Three Worlds

I offer a seminar on “conflict resolution,” a gift from my good friend John Scherer, called Face the Tiger. It is comprised of two parts: Pinch Theory which describes how conflict arises, and The Three Worlds, which provides a pathway out of the conflict, a way to turn conflict into reward, a way to have conversation about conflict in a voice that others can hear.

The premise of Pinch Theory is that we each perceive each and every interaction through the lens of our own experience. When I see you say X, in my world, I experience it this way or that way based upon my own unique experiences. Below, I describe a beautiful and profound example of this phenomenon. I hope you enjoy it.

One of my favorite podcasts is Krista Tippett’s On Being. This morning, I listened to her interview with Padraig O Tuama and Marilyn Nelson. To close, Tippett had them both do a reading. Marilyn Nelson read from her book The Children’s Moon. Nelson’s mother was an African American teacher in Salina, KS in the 1950s. Nelson has a photograph of her mother’s 2nd grade class from 1954 – her mother, an African American woman and her 20 white, seven year old students. Truly history making to have a black woman teach white children in that era.
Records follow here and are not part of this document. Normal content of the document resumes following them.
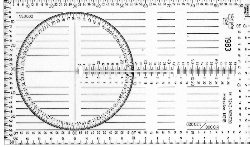 - Масштабна лінійка (англ. Scale ruler, нім. Planzeiger, також Конвертор одиниць) — вимірювання розмірів на картах безпосередньо у масштабі карти — у дійсних розмірах на місцевості, тобто метрах, кілометрах або ярдах чи милях за допомогою шкал відповідних масштабів на транспортирі[f]. Є спеціальні масштабні лінійки для вимірювання кута схилу (англ. Scale Slope ruler), які мають градієнтну шкалу (Див. нижче Шкала закладань).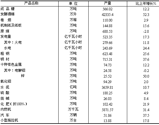 從主要行業(yè)看,黑色金屬冶煉及壓延加工業(yè)增加值105.14億元,增長36.8%;電力、熱力生產和供應業(yè)增加值133.57億元,增長21.1%;交通運輸設備制造業(yè)增加值90.00億元,增長24.0%;有色金屬冶煉及壓延加工業(yè)增加值92.14億元,增長25.1%;非金屬礦物制品業(yè)增加值58.05億元,增長41.5%;化學原料及化學制品制造業(yè)增加值71.72億元,增長34.6%;農副食品加工業(yè)增加值157.43億元,增長15.5%。 發(fā)電量523.35億千瓦小時,比上年增長17.3%;鋼材產量715.31萬噸,增長37.6%;內燃機5871.57萬千瓦,增長31.4%;汽車產量51.86萬輛,增長37.5%;水泥產量3659.81萬噸,增長10.7%;成品糖產量566.02萬噸,增長12.2%。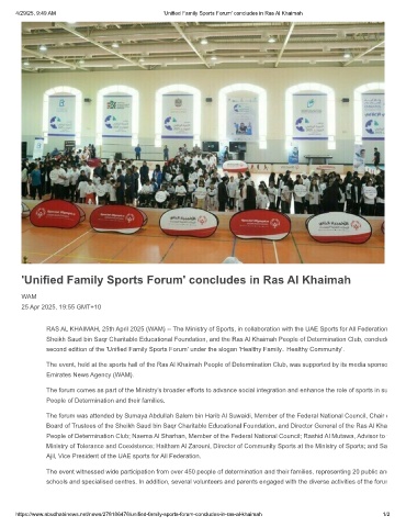4/29/25, 9:49 AM 'Unified Family Sports Forum' concludes in Ras Al Khaimah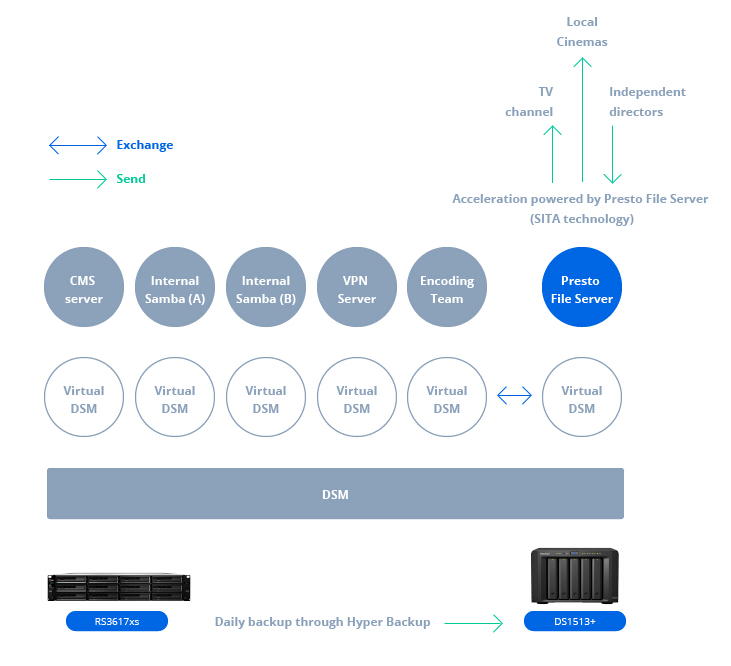 Presto File Server 提供的穩(wěn)定高速傳輸功能滿足我們的需求,它已經(jīng)取代了我們以前的傳輸工具。憑借其在 VDSM 部署和 Btrfs 文件系統(tǒng)支持方面的靈活性,現(xiàn)在我們能夠以高效存儲的方式將所有服務整合到一臺服務器中?;蛟S可以說,這是真正的一體化解決方案。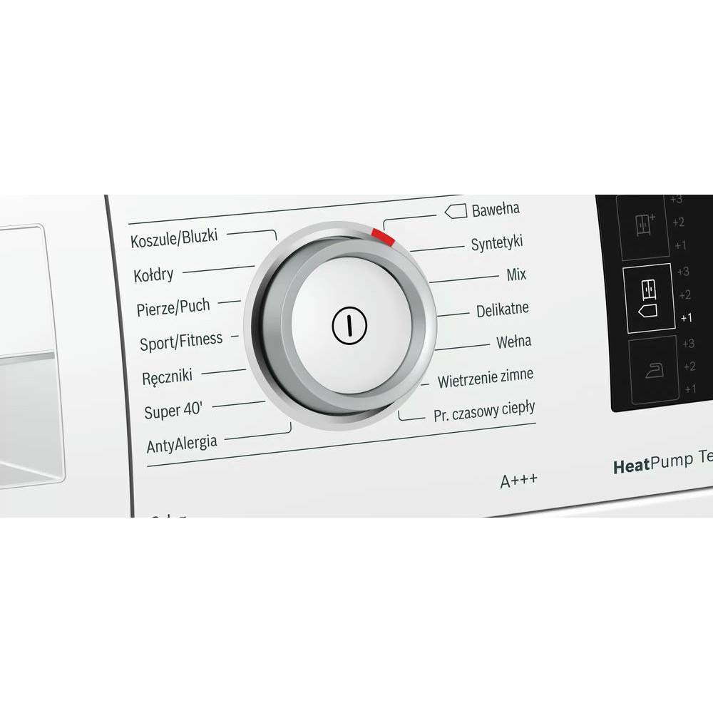Сушильная машина Bosch WTW876S0PL отличается высоким качеством, надежностью и функциональностью. Машина оснащена электронным управлением с помощью поворотного переключателя, что делает ее использование удобным и простым. Благодаря своим размерам, она легко устанавливается в любом помещении. Корпус машины выполнен в классическом белом цвете, что позволяет ей гармонично вписываться в интерьер любого стиля. Особое внимание заслуживает система сушки этой модели. Тип сушки - конденсационный, что обеспечивает эффективное и быстрое сушение белья. Максимальная загрузка составляет 9 кг, что позволяет сушить большое количество белья за один цикл. В машине предусмотрено 14 программ, включая сушку хлопка, синтетики, рубашек, пуховиков, спортивной одежды, смешанного белья, полотенец, шерсти и деликатного белья. Особенностью модели является наличие функции AutoDry, которая автоматически контролирует процесс сушки и предотвращает пересушивание белья. Кроме того, есть возможность выбрать супербыструю программу сушки, которая длится всего 40 минут.

Nelson, who is a poet laureate, asked 20 of her poet friends to adopt one of these children, create a back story, and write a poem about each which, together with her own poem about her mother, became the book The Children’s Moon. Nelson read her poem, The Children’s Moon. She explains that “the children’s moon is the moon that you see sometimes in the morning; you see a faint moon in the sky.”  This is the poem as I have transcribed it. The lines and stanzas are my own; I could not find the poem itself on the Internet.

In my navy shirt waist dress and three inch heels,

my pearl clip-ons and newly red rinsed curls

I smoothed on lipstick,

lipstick marked my girls,

saluted and held thumbs up to my darling Mel

and drove myself to school for the first day.

 

Over the school yard a silver lozenge

dissolved into the morning’s blue cauldron

 

Enter 20 seven year old white children

“Look children” I said as they found their desks

“The children’s moon, a special good luck sign”

 

We pledged allegiance and silently prayed

George Washington watched sternly from his frame.

I turned to the black board and wrote my name.

 

I thought I heard…

“She’s the real teacher’s maid,”

I thought I heard…

Echoes of history.

 

But when I turned,

Every child in the room had one hand up

Asking “What is the children’s moon?”